SophiaLarsen · 16/10/2019 10:44

Due to shortages and trying to avoid patients stockpiling, pharmacies and doctors have been advised not to issue prescriptions ahead of intended repeat dates.

bangheadhere40 · 16/10/2019 11:11

So he orders online, the dispensary gets the doctor to sign it and then it goes to his nominated pharmacy, that's how it works round here.

So the dispensary was fine with the request, the GP was fine with the request, it was the chemist it was sent to that wasn't.

OP posts:
bangheadhere40 · 16/10/2019 11:12

He doesn't request with the pharmacy, he requests with the dispensary who approve it, send it to the dr to sign it and then it goes as an electronic prescription to the pharmacy.

OP posts:
bangheadhere40 · 16/10/2019 11:12

and she wrote on it to try OTC instead!

OP posts:
bangheadhere40 · 16/10/2019 11:13

all without checking with a doctor....

It's still showing that it's been issued on his gp app so when he asks again it will show they have already done it which will cause issues with him getting it next time.

OP posts:
Disfordarkchocolate · 16/10/2019 11:23

I'm not sure you understand what has happened. You or your husband needs to go back to the pharmacist in a few days, not the GP practice. OTC is to be used in the meantime. All of this is standard practice and required to stop people abusing painkillers. Prescription drug abuse us widespread and all pharmacists are required to support efforts to reduce it.

FrauKnusper · 16/10/2019 11:27

I too am delighted to see PP, especially doctors, bigging up pharmacists and pointing out that they are highly qualified professionals who know more about drugs and medicines than literally anybody.

My DH is a qualified dispensing pharmacist, and it is public ignorance and attitudes like some of those expressed above that prompted him to say fuck it many years ago and move into pharma R&D.
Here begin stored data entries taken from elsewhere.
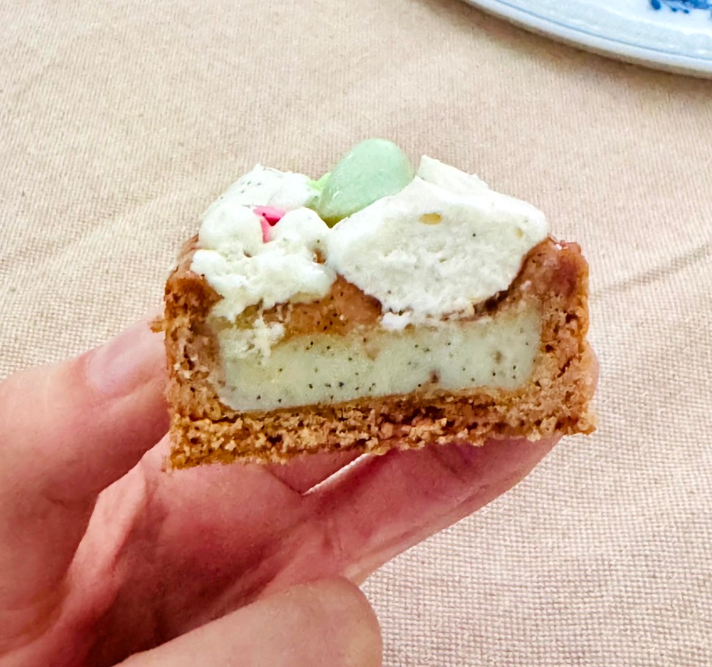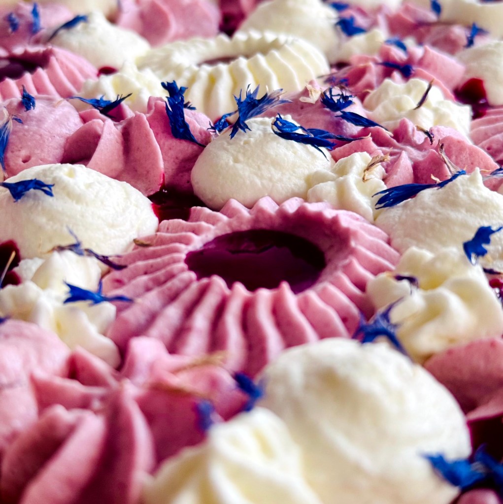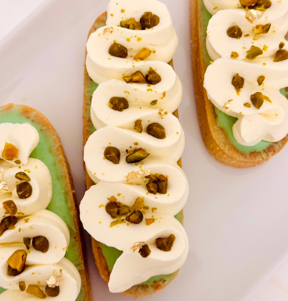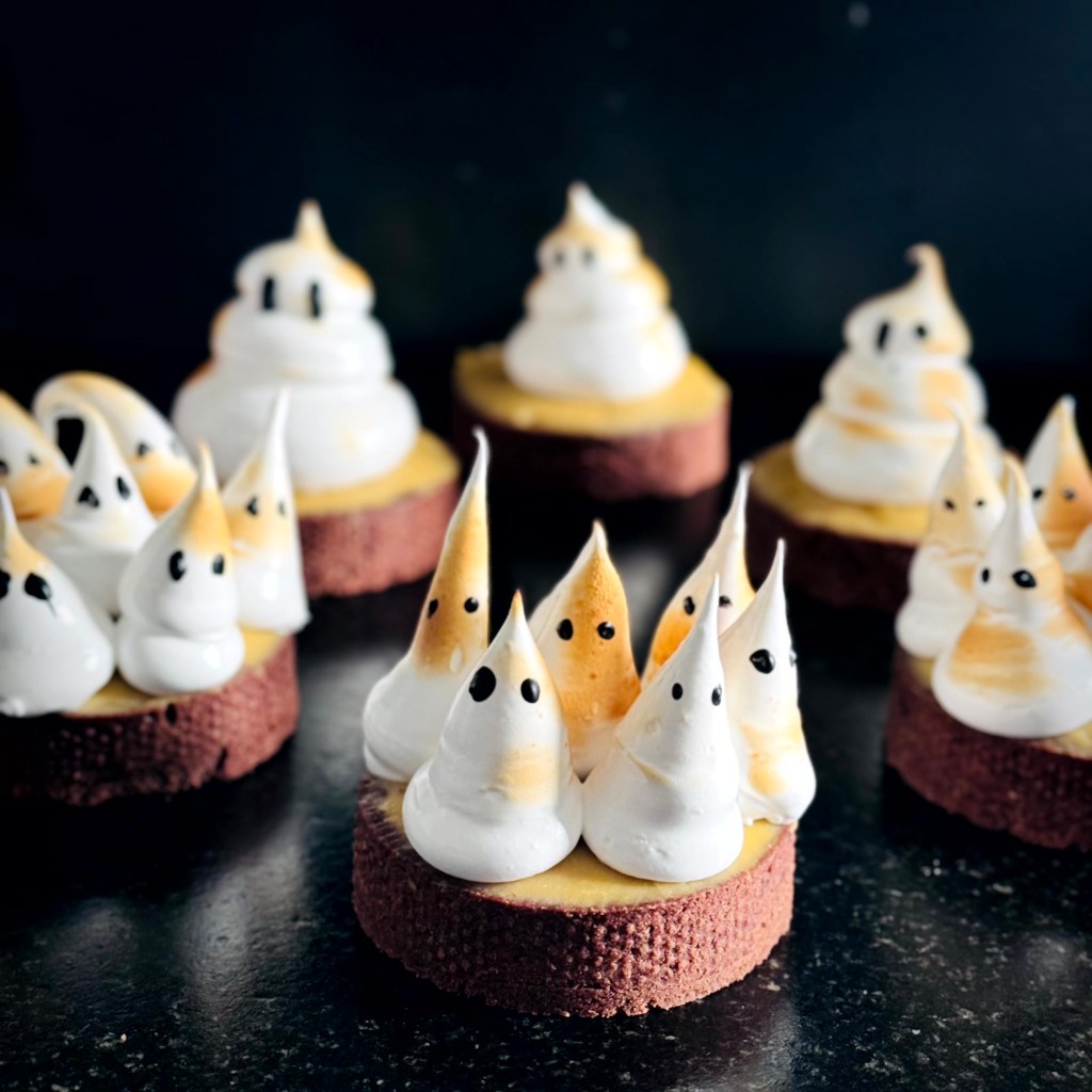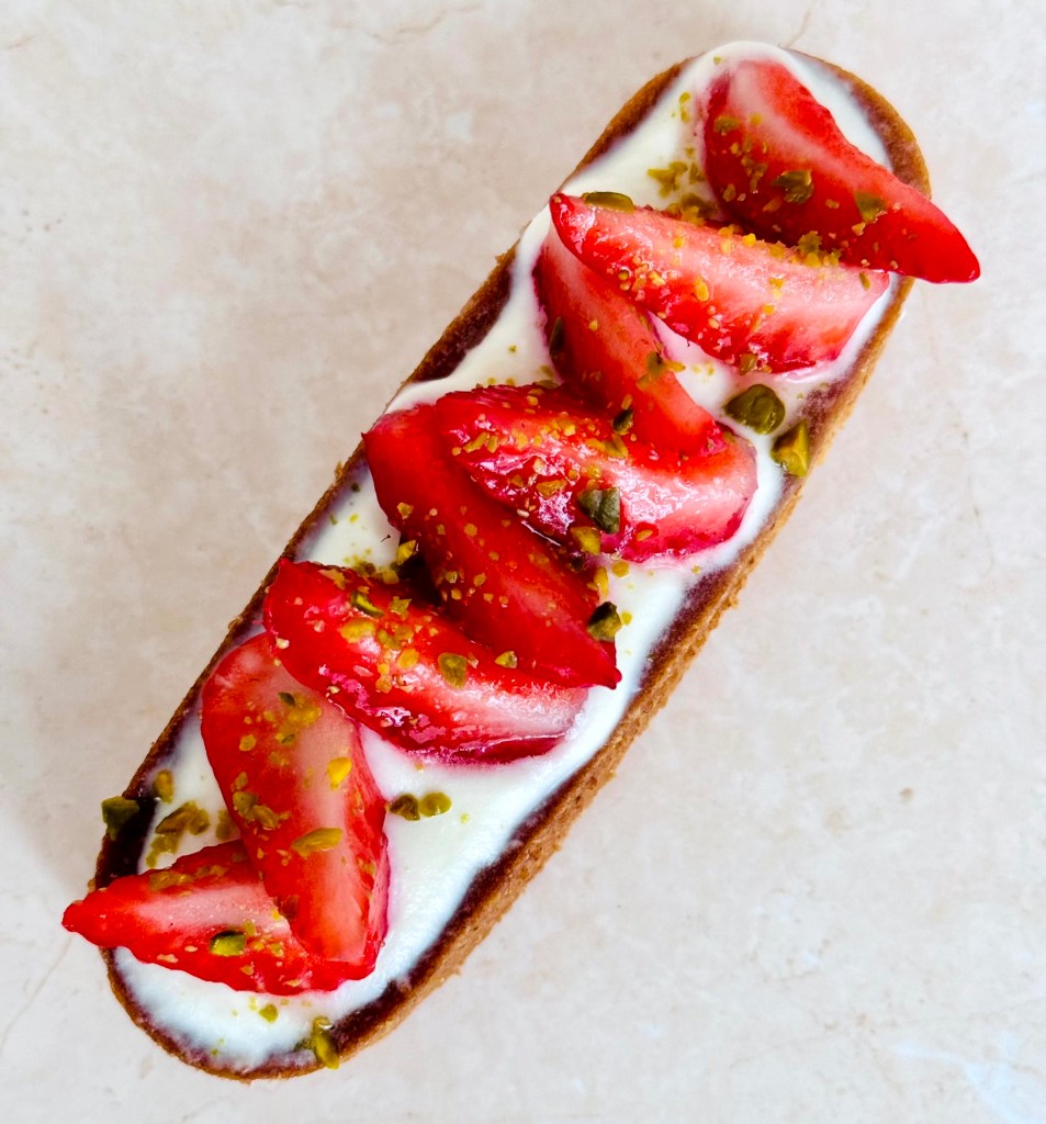 Tarif : 50€ — Une tarte réalisée sur deux jours, avec des préparations travaillées en deux temps, une meringue pochée avec soin. Un équilibre fin entre technique, précision… et peps.
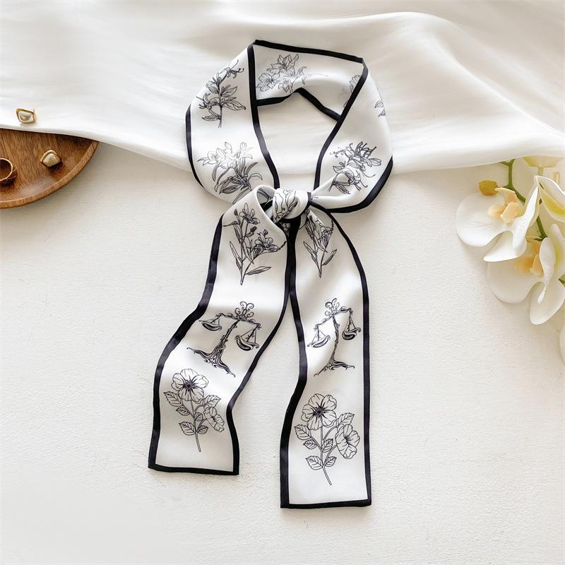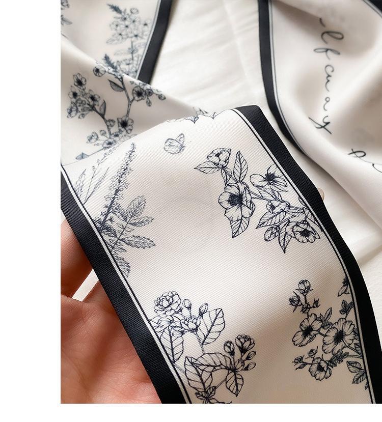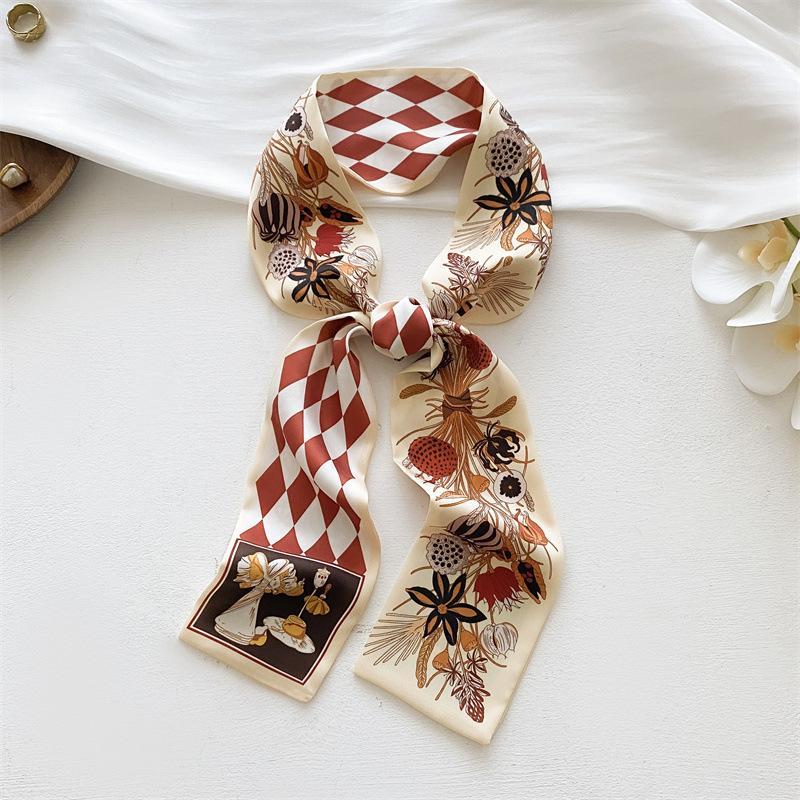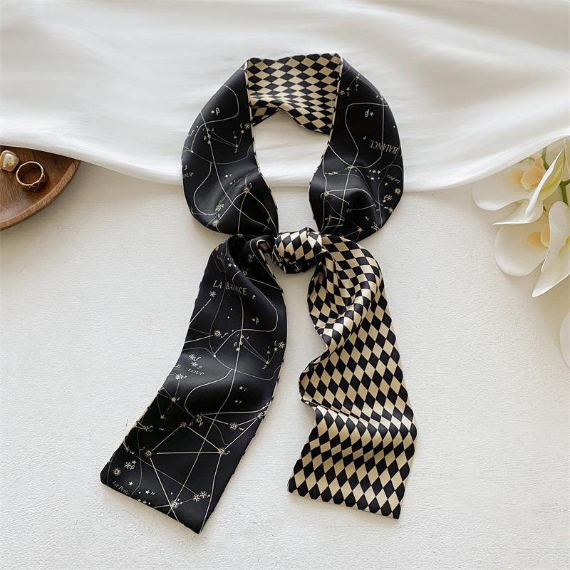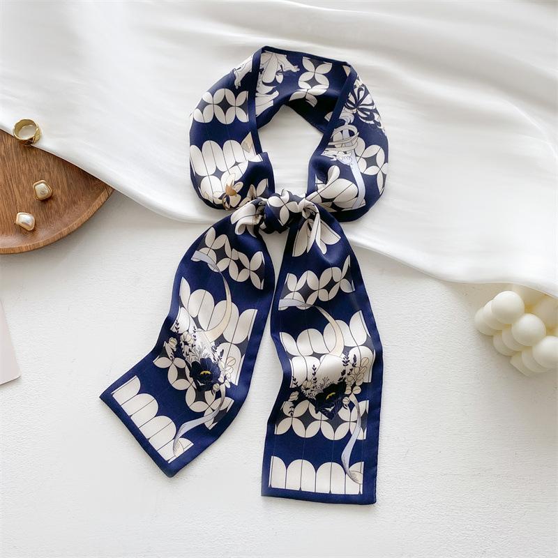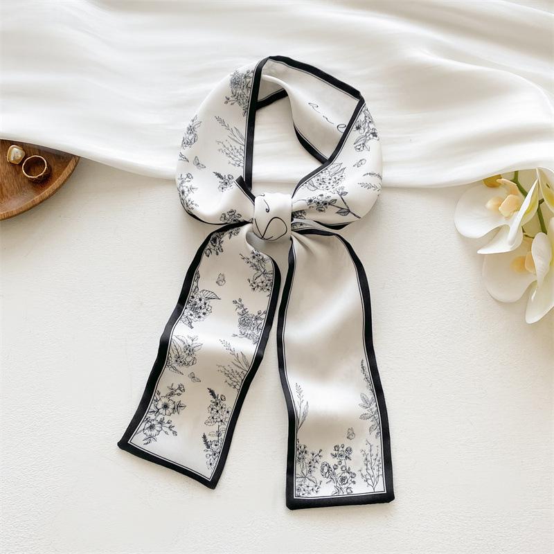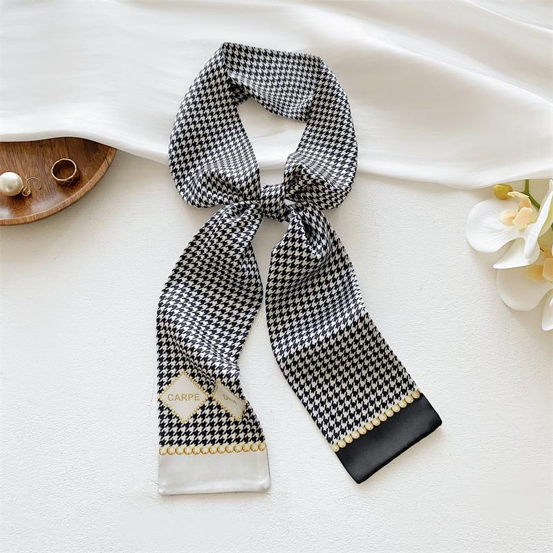 Bufanda de seda elegante verde combinable para primavera y verano, pequeña y larga, para mujer, para atar el pelo, para bolso, con cinta decorativa y para camisa.
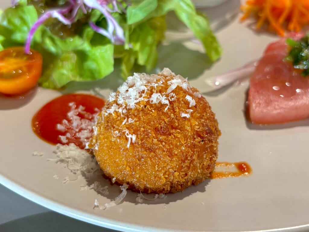 こちらのチーズが振りかけられた丸い一品は『アランチーニ』。ライスボールです。

JenniR29 · 16/10/2019 11:29

You don’t know that it didn’t get checked with the doctor OP. The pharmacist could have noticed it was early, phoned the doctor and they may have instructed to withhold it until it was due then suggested OTC medication in the mean time.

An electronic record may still say that the prescription has been issued but you wouldn’t know if it had been verbally overruled upon the pharmacist questioning it.